To identify and eliminate a malfunction in a car, a mechanic needs to know the vehicle’s technical characteristics (from the car registration book), its current state, and accident history (from the car maintenance book), and its condition of exploitation. This information represents an important input for the diagnostics and repair. Along similar lines, approaches for diagnostics and assessment of business-IT alignment strongly rely on their input data - models, specifications, and other documents that describe an organization “As-Is”. The quality of this input data is one of the main factors affecting the applicability of EA approaches.

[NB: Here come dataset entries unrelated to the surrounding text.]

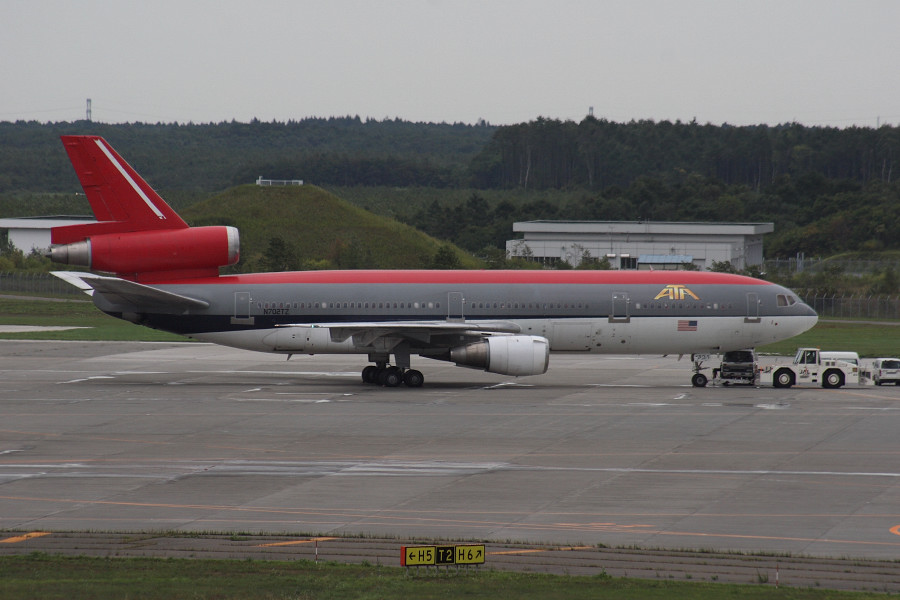 20番台スポットに駐機していたのは、旧ノースカラーのATA、しかもDC-10(゚∀゚;)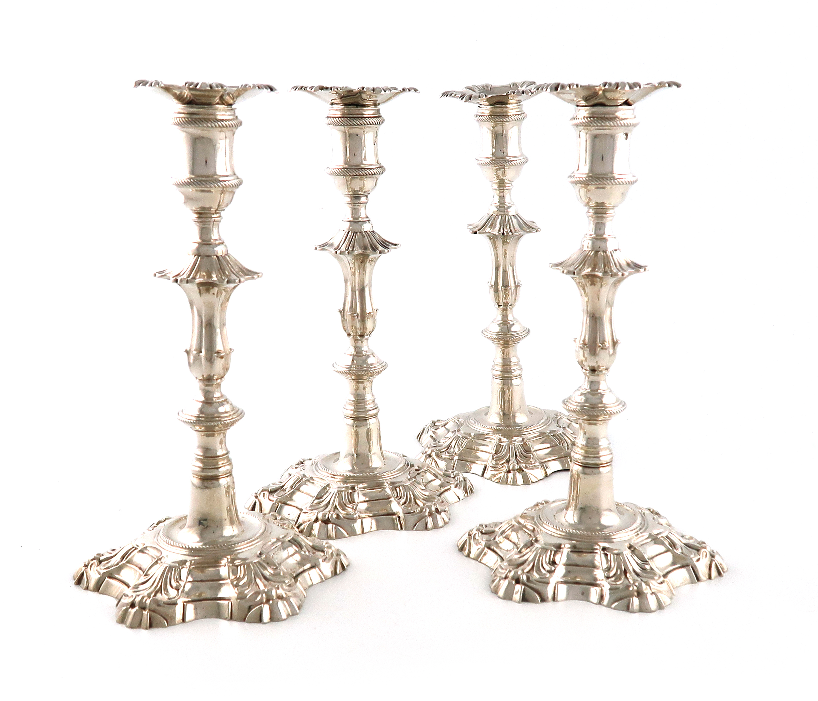 knopped baluster form, shell shoulders, spool-shaped capitals, rope-work borders, removable drip pans, on raised shaped hexafoil bases with shell motifs, the undersides with scratch weights, height 23.7cm, approx. weight 80oz. (4)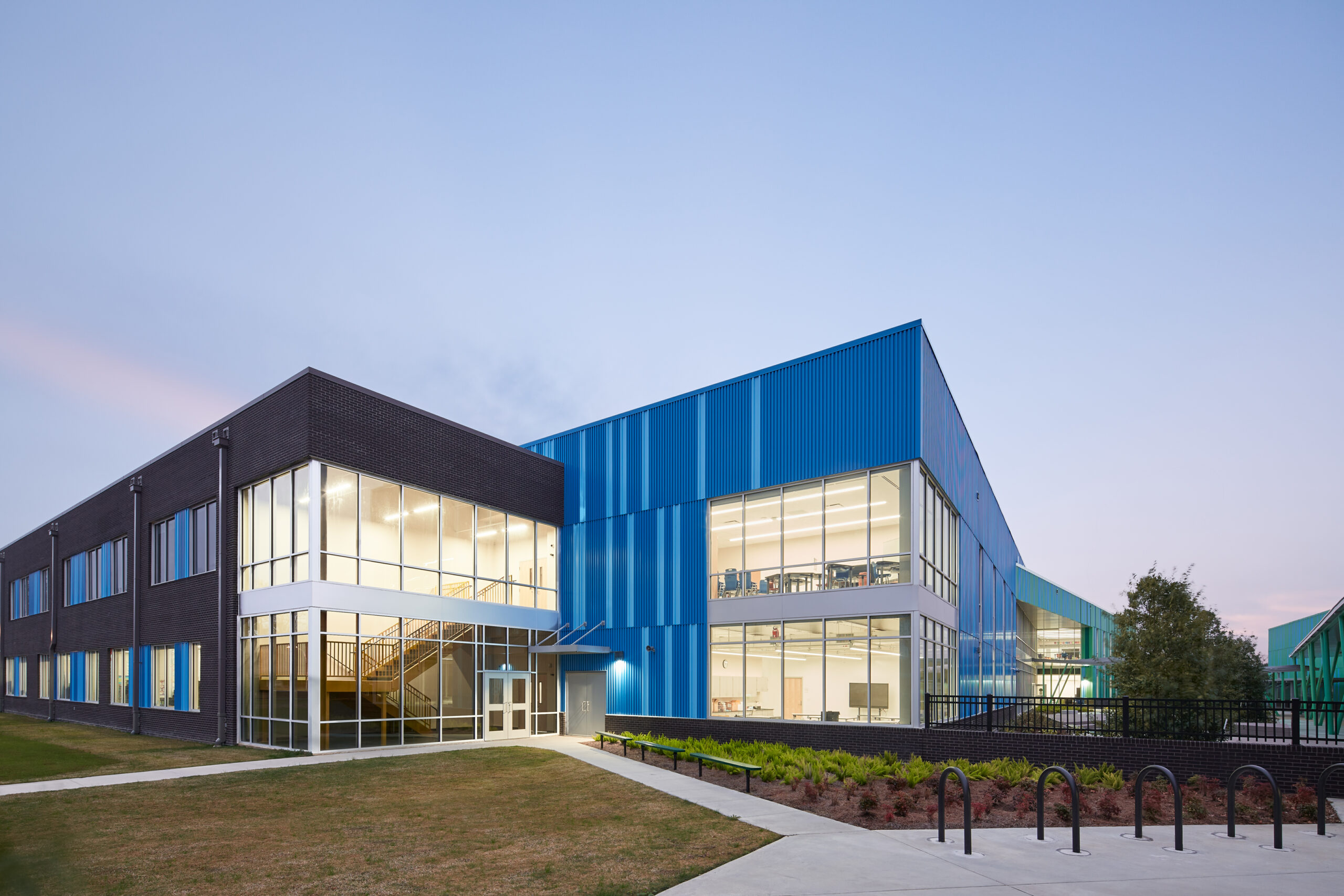 Specialized programmatic spaces including the art room, media center, commons, maker space visually connected to the exterior and interior spaces through large expanses of windows putting learning on display for the community and other students to see.

Problem: Research approaches in EA are particularly sensitive to input data quality. In practice, organizations cannot meet the high requirements that researchers define for the input data (e.g., data models, business process models, IS documentation, etc.). Often such data is incomplete or does not exist at all. This prevents the innovative research approaches from being adopted by practitioners (Figure 1).

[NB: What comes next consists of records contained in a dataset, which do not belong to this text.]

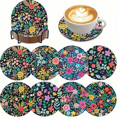 8件套DIY钻石画花朵杯垫套装,圆形闪亮钻石表面,强力背胶,工具齐全,适合初学者,减压手工,新年、情人节、圣诞节、教师节礼物,家居装饰杯垫,送给家人、朋友、女朋友、老师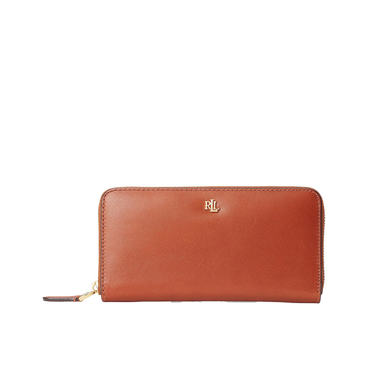 Artfully crafted from buttery smooth leather, this tan continental zip wallet from Polo Ralph Lauren offers ample room for cards, receipts, and other essentials. It has a zip closure, nine credit card slots, two slip pockets, and one interior zip pocket. The wallet has a polished “LRL” metal logo at the front. Measures 4” x 8” x 1”.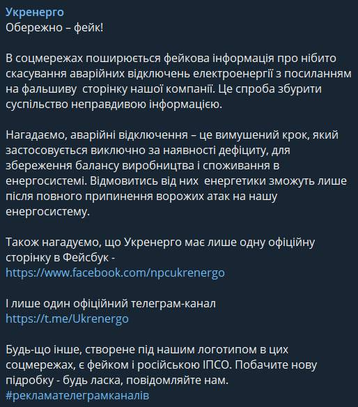 В "Укрэнерго" обращают внимание, что сообщение о якобы отмене аварийных отключений распространяется со ссылкой на фейковую страницу компанию.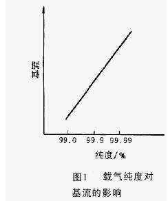 載氣純度直接影響ECD的基流或基頻。圖1為載氣純度對(duì)基流的影響。為保證ECD池的潔凈,降低雜質(zhì)俘獲池中的自由電子,一般要求載氣純度在99.99%以上,還要外加凈化器,以除去殘留的氧和水。氧具有強(qiáng)烈的吸電子性,使基流下降。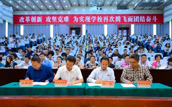 动员大会上,马跃荣、梁繁荣与各部门、学院代表签署了实施学校再次腾飞战略目标管理责任书。

In this work we do not encourage the organizations to improve their process documentation in order to benefit from innovative research. In contrast, we claim that researchers themselves can significantly improve the applicability of their approaches. In this article we discuss the guided implementation that allows a researcher (or a group of researchers) to build up necessary input data based on the documentation and other information sources available in the organization.
Hypothesis: We believe that using the build-up process, it is possible to increase the applicability of the research approach and, in spite of the initial absence of input measurable parameters, to deliver meaningful results to practitioners.
The approach to measure the fitness relationship between business and IT in organizations presented in (Etien & Rolland, 2005) is an example of an EA approach developed in academia. This approach addresses the problem of business-IT alignment: it defines metrics to quantify the fit between the business of an organization and the IT systems that support it. Metrics application (the process called here and below the fitness measurement) allows organizations (i) to identify precisely the aspects of business (business goals, activities, and so on) that are not supported or ill-supported by the existing IT and (ii) to specify the strategies to improve business-IT alignment.